What needs to be done
Below is a block of entries; repeat exactly the lines starting at the line that contains "In der Vorarlberghalle" and ending at the line that contains "However, the true", both included.

Dataset content
========================================================================
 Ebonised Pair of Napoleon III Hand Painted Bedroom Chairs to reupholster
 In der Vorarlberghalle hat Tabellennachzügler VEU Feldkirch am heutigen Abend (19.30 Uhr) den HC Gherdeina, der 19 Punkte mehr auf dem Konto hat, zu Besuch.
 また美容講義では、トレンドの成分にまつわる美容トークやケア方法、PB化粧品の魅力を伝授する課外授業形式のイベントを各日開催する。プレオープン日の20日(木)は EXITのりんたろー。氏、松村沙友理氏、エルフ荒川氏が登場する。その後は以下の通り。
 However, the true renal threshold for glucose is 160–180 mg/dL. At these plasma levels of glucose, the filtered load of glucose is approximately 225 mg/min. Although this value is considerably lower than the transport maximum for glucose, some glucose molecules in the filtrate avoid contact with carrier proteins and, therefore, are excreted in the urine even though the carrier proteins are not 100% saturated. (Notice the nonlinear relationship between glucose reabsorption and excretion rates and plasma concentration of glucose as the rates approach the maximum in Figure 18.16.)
========================================================================
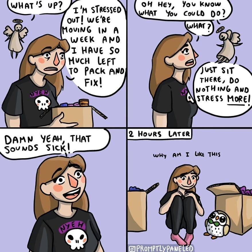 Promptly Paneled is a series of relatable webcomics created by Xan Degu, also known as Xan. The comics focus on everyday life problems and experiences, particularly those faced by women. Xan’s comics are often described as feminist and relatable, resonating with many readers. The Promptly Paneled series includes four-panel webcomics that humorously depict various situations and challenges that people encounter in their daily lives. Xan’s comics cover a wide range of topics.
========================================================================
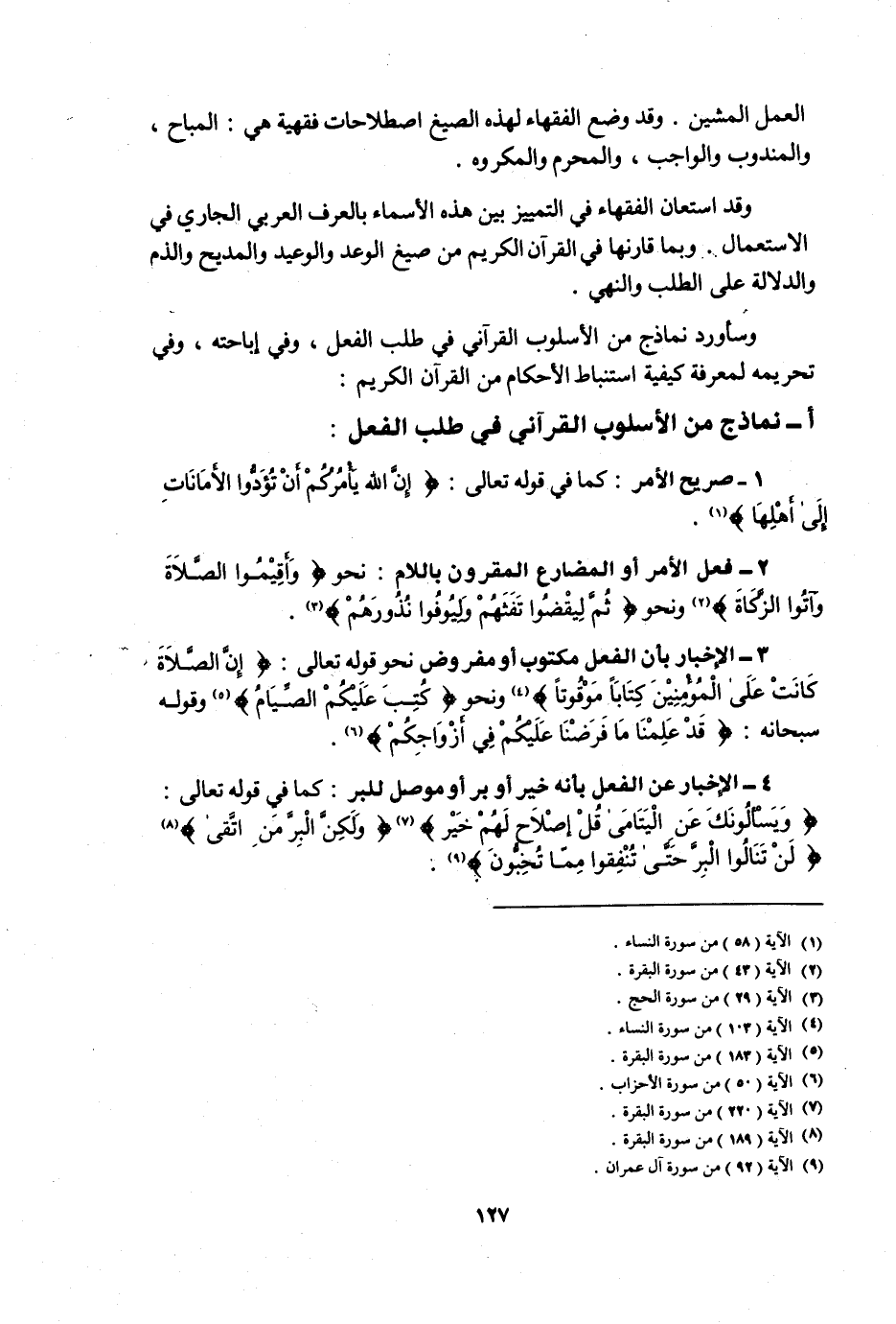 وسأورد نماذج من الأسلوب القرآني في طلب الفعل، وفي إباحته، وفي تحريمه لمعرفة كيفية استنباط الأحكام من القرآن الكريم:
========================================================================
Expected answer
 In der Vorarlberghalle hat Tabellennachzügler VEU Feldkirch am heutigen Abend (19.30 Uhr) den HC Gherdeina, der 19 Punkte mehr auf dem Konto hat, zu Besuch.
 また美容講義では、トレンドの成分にまつわる美容トークやケア方法、PB化粧品の魅力を伝授する課外授業形式のイベントを各日開催する。プレオープン日の20日(木)は EXITのりんたろー。氏、松村沙友理氏、エルフ荒川氏が登場する。その後は以下の通り。
 However, the true renal threshold for glucose is 160–180 mg/dL. At these plasma levels of glucose, the filtered load of glucose is approximately 225 mg/min. Although this value is considerably lower than the transport maximum for glucose, some glucose molecules in the filtrate avoid contact with carrier proteins and, therefore, are excreted in the urine even though the carrier proteins are not 100% saturated. (Notice the nonlinear relationship between glucose reabsorption and excretion rates and plasma concentration of glucose as the rates approach the maximum in Figure 18.16.)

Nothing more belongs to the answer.